The degrees of freedom for Welch’s modification are no longer an integer, but instead:

 df = \frac{ ( s_1^2/n_1 + s_2^2/n_2 )^2 }{ \frac{(s_1^2 / n_1)^2}{ n_1 - 1} + \frac{ (s_2^2 / n_2)^2 }{ n_2 - 1} }

You can force R to use Student’s original t test for homoscedastic data by setting the option var.equal=TRUE.

# The code below should only be used if an F test indicates the variances of
# the two data sets are equal

t.test( dataset1, dataset2, var.equal=TRUE )

# The code below has the same effect as calling
t.test( dataset1, dateset2 )

# i.e. it uses Welch's modification to account for the difference in variances
t.test( dataset1, dataset2, var.equal=FALSE)

In general, you should use an F test to see whether the variances of your two data sets are equal: if so, use Student’s t (var.equal=TRUE); if not, use Welch’s modification of t, (var.equal=FALSE).

As with plot(), it is usually more convenient to use the ‘modelled-by’ tilde ~ operator to perform t tests within named data frames, rather than supplying the test with two vectors of data.

Here we t test the dog-whelk data in dog_whelks.csv that you already made in the exercises of an earlier post.

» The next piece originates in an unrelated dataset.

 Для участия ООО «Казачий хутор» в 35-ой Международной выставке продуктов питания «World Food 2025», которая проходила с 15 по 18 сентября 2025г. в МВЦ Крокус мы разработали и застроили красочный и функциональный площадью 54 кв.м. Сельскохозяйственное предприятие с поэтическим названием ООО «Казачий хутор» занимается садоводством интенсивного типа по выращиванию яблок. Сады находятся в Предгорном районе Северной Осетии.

As we have already established that the variances are not significantly different, we should use Student’s t rather than the Welch modification:

dog.whelks<-read.csv( "H:/R/dog_whelks.csv" )
t.test( Height ~ Exposure, data = dog.whelks,
var.equal=TRUE )
        Two Sample t-test
data:  Height by Exposure
t = -8.6399, df = 54, p-value = 9.274e-12
alternative hypothesis: true difference in means is not equal to 0
95 percent confidence interval:
 -9.989079   -6.226306
sample estimates:
  mean in group Exposed   mean in group Sheltered       
  20.19231                28.30000

You can read this as:

Do a t test on the data in the dog.whelks data frame, using Height as the dependent variable, and grouping the data into two sets according to the Exposure factor

You should never put raw R output into written prose. If you wish to include the results of the F and t tests on the dog-whelk data above in a report, they should be written long-hand. In typical scientific literature, this might be something like…

Dog-whelk shell-height on exposed beaches was not significantly more variable than on sheltered beaches (F=1.77, p=0.13), based on a sample size of 25. However the shells on sheltered beaches were found to be significantly taller, by 10 mm (t=6.27, p ≪0.001).

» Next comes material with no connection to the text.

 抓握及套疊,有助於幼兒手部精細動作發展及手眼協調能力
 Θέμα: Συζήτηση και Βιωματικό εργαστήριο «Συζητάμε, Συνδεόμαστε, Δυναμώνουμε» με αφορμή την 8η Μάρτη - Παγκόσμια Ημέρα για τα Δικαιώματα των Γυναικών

…although this style of report mixes up Fisher and Neyman-Pearson approaches to hypothesis testing: by reporting a p value, you’re probably trying to persuade people of the importance of the ‘highly significant’ t test result (Fisher); however you’re also reporting your acceptance of the alternative hypothesis (Neyman-Pearson) under which the p value is irrelevant (except insofar as it is smaller than 0.05), but the power (which you’ve not stated, let alone used to determine an appropriate sample size!) is critical to the interpretation of the results. Ho hum. To do Neyman-Pearson properly, you should do a power calculation, for which you will find the function power.t.test useful.
Dog whelks boxplot [CC-BY-SA-3.0 Steve Cook]

You can select the heights of the sheltered-beach shells by using tapply(). This applies a function to a vector of data, grouped by another vector of the same length containing the levels of a factor.

N.B. The “t” in tapply() has nothing to do with the “t” in t– test: there are several other apply() functions with similarly cryptic names.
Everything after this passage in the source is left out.